◆ EXERCISE: Please transcribe every record below exactly, leaving out the pictures.
-=-=-=-=-
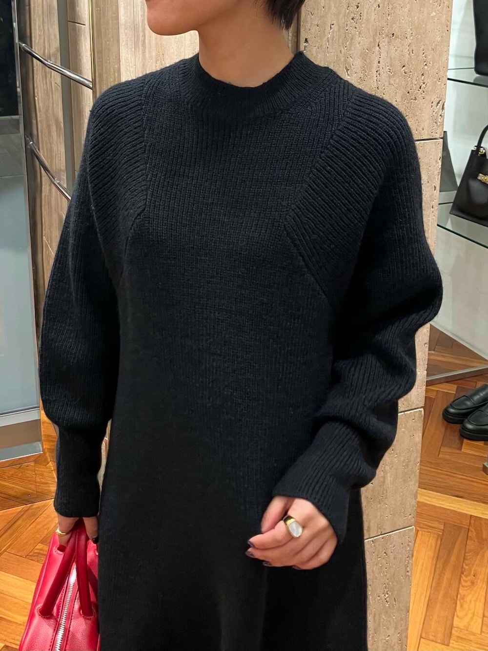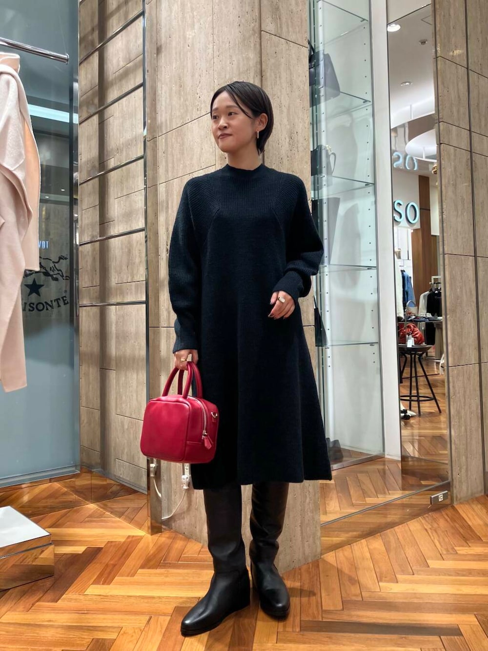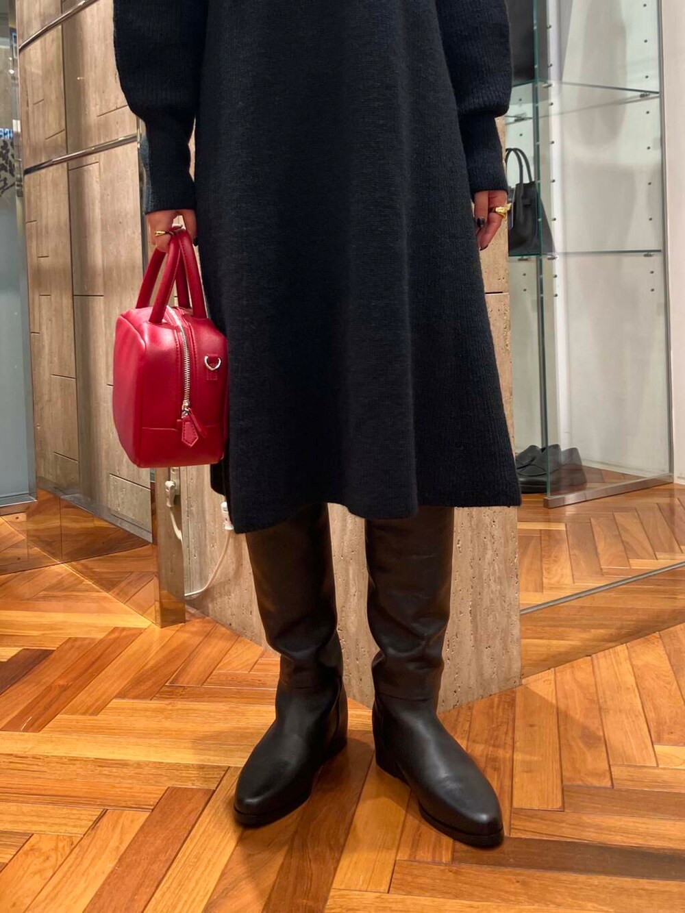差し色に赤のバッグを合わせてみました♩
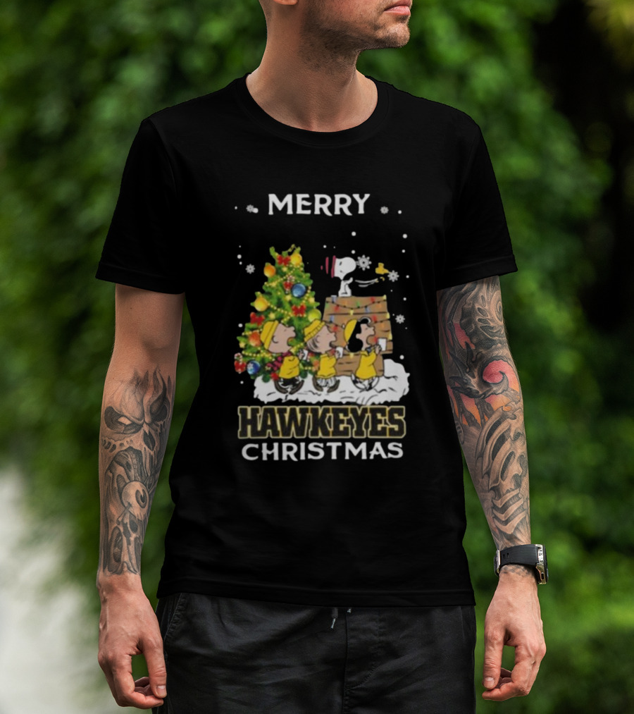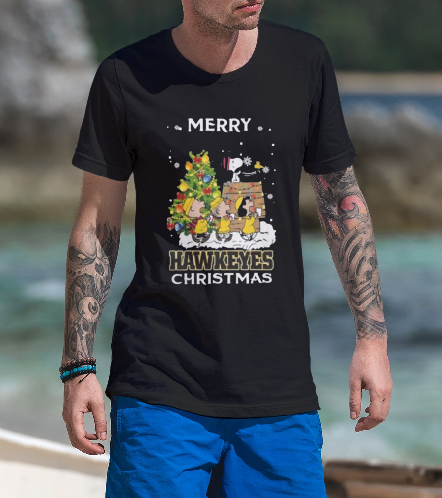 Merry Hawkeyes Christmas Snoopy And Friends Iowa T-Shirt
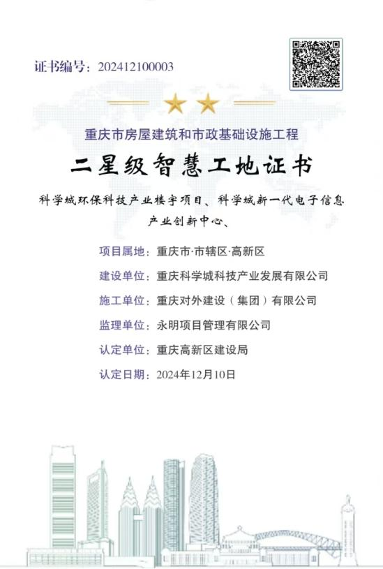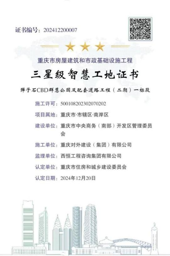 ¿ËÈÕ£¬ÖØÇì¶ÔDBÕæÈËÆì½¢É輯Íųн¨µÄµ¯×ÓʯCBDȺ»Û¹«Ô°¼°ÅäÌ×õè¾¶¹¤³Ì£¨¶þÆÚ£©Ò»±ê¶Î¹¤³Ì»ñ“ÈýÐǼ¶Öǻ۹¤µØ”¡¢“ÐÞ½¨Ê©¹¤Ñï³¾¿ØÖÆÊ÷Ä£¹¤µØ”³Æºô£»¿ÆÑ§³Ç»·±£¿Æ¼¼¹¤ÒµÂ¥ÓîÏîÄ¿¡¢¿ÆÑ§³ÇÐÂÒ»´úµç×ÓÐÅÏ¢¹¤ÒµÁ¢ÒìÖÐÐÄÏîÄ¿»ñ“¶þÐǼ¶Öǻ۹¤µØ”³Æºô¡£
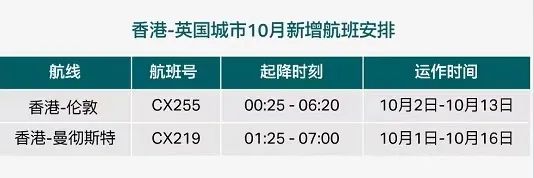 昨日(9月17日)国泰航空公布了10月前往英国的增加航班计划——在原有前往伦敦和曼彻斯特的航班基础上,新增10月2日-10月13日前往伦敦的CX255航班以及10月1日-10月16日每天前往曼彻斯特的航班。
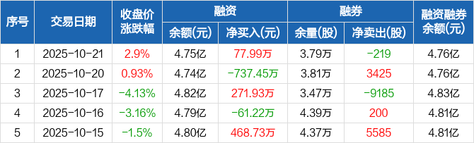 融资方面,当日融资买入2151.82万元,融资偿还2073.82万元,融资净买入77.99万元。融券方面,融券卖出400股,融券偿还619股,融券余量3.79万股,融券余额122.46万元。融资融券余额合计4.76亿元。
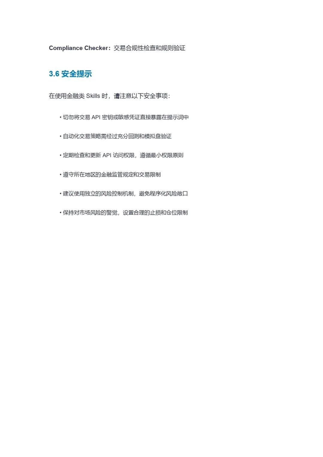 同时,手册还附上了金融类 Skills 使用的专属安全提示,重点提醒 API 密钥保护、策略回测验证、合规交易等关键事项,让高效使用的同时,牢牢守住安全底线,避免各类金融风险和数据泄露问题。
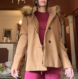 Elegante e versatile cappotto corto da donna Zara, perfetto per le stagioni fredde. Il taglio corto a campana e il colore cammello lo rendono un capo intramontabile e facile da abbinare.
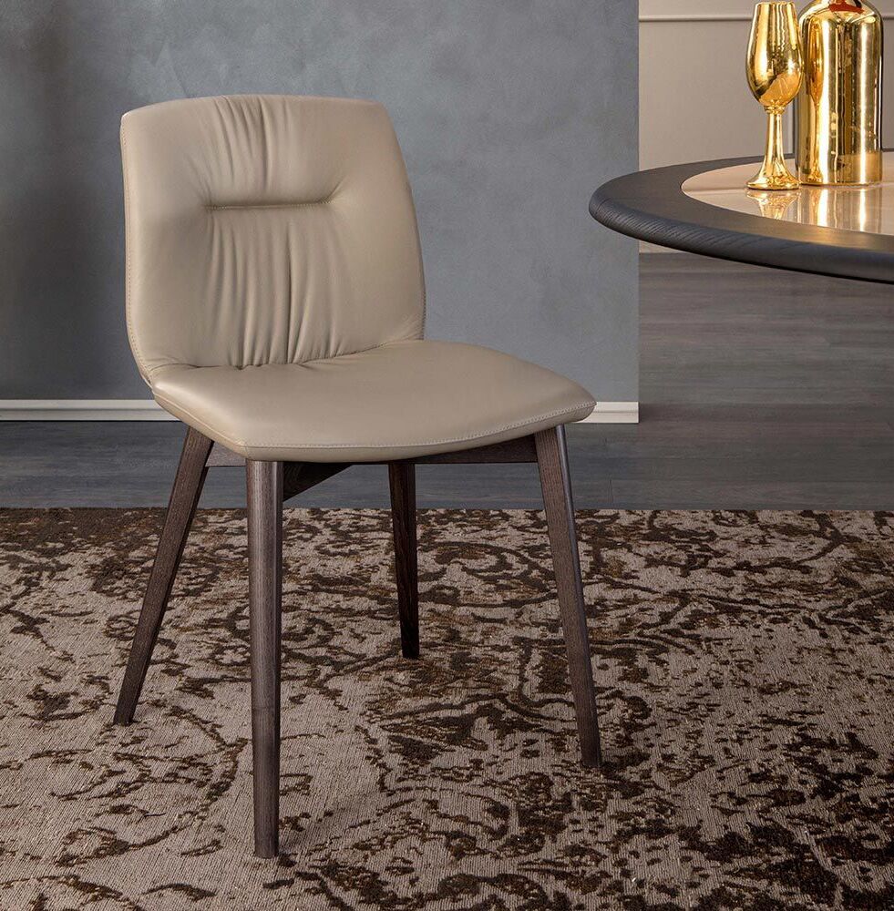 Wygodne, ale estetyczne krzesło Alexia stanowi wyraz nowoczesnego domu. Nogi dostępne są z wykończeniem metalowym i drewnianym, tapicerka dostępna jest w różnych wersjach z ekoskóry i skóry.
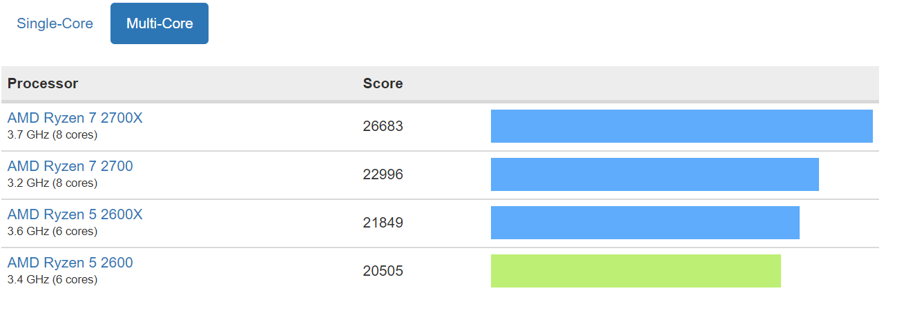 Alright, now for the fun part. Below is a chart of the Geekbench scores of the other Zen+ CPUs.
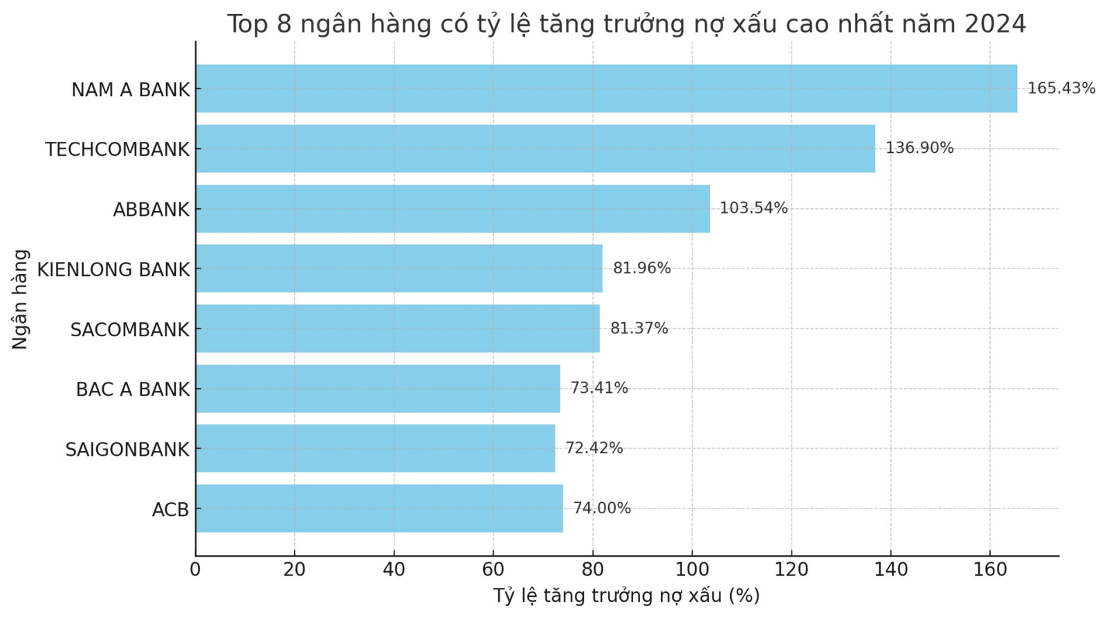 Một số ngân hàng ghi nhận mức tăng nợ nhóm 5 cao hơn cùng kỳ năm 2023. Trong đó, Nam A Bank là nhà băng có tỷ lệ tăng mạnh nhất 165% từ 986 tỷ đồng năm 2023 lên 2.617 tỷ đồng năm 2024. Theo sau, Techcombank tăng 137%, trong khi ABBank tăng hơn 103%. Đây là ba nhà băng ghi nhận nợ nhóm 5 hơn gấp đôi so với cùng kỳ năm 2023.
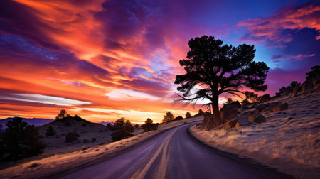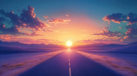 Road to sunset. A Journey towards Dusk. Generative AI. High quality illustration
-=-=-=-=-
◆ EXPECTED ANSWER:
差し色に赤のバッグを合わせてみました♩
 Merry Hawkeyes Christmas Snoopy And Friends Iowa T-Shirt
 ¿ËÈÕ£¬ÖØÇì¶ÔDBÕæÈËÆì½¢É輯Íųн¨µÄµ¯×ÓʯCBDȺ»Û¹«Ô°¼°ÅäÌ×õè¾¶¹¤³Ì£¨¶þÆÚ£©Ò»±ê¶Î¹¤³Ì»ñ“ÈýÐǼ¶Öǻ۹¤µØ”¡¢“ÐÞ½¨Ê©¹¤Ñï³¾¿ØÖÆÊ÷Ä£¹¤µØ”³Æºô£»¿ÆÑ§³Ç»·±£¿Æ¼¼¹¤ÒµÂ¥ÓîÏîÄ¿¡¢¿ÆÑ§³ÇÐÂÒ»´úµç×ÓÐÅÏ¢¹¤ÒµÁ¢ÒìÖÐÐÄÏîÄ¿»ñ“¶þÐǼ¶Öǻ۹¤µØ”³Æºô¡£
 昨日(9月17日)国泰航空公布了10月前往英国的增加航班计划——在原有前往伦敦和曼彻斯特的航班基础上,新增10月2日-10月13日前往伦敦的CX255航班以及10月1日-10月16日每天前往曼彻斯特的航班。
 融资方面,当日融资买入2151.82万元,融资偿还2073.82万元,融资净买入77.99万元。融券方面,融券卖出400股,融券偿还619股,融券余量3.79万股,融券余额122.46万元。融资融券余额合计4.76亿元。
 同时,手册还附上了金融类 Skills 使用的专属安全提示,重点提醒 API 密钥保护、策略回测验证、合规交易等关键事项,让高效使用的同时,牢牢守住安全底线,避免各类金融风险和数据泄露问题。
 Elegante e versatile cappotto corto da donna Zara, perfetto per le stagioni fredde. Il taglio corto a campana e il colore cammello lo rendono un capo intramontabile e facile da abbinare.
 Wygodne, ale estetyczne krzesło Alexia stanowi wyraz nowoczesnego domu. Nogi dostępne są z wykończeniem metalowym i drewnianym, tapicerka dostępna jest w różnych wersjach z ekoskóry i skóry.
 Alright, now for the fun part. Below is a chart of the Geekbench scores of the other Zen+ CPUs.
 Một số ngân hàng ghi nhận mức tăng nợ nhóm 5 cao hơn cùng kỳ năm 2023. Trong đó, Nam A Bank là nhà băng có tỷ lệ tăng mạnh nhất 165% từ 986 tỷ đồng năm 2023 lên 2.617 tỷ đồng năm 2024. Theo sau, Techcombank tăng 137%, trong khi ABBank tăng hơn 103%. Đây là ba nhà băng ghi nhận nợ nhóm 5 hơn gấp đôi so với cùng kỳ năm 2023.
 Road to sunset. A Journey towards Dusk. Generative AI. High quality illustration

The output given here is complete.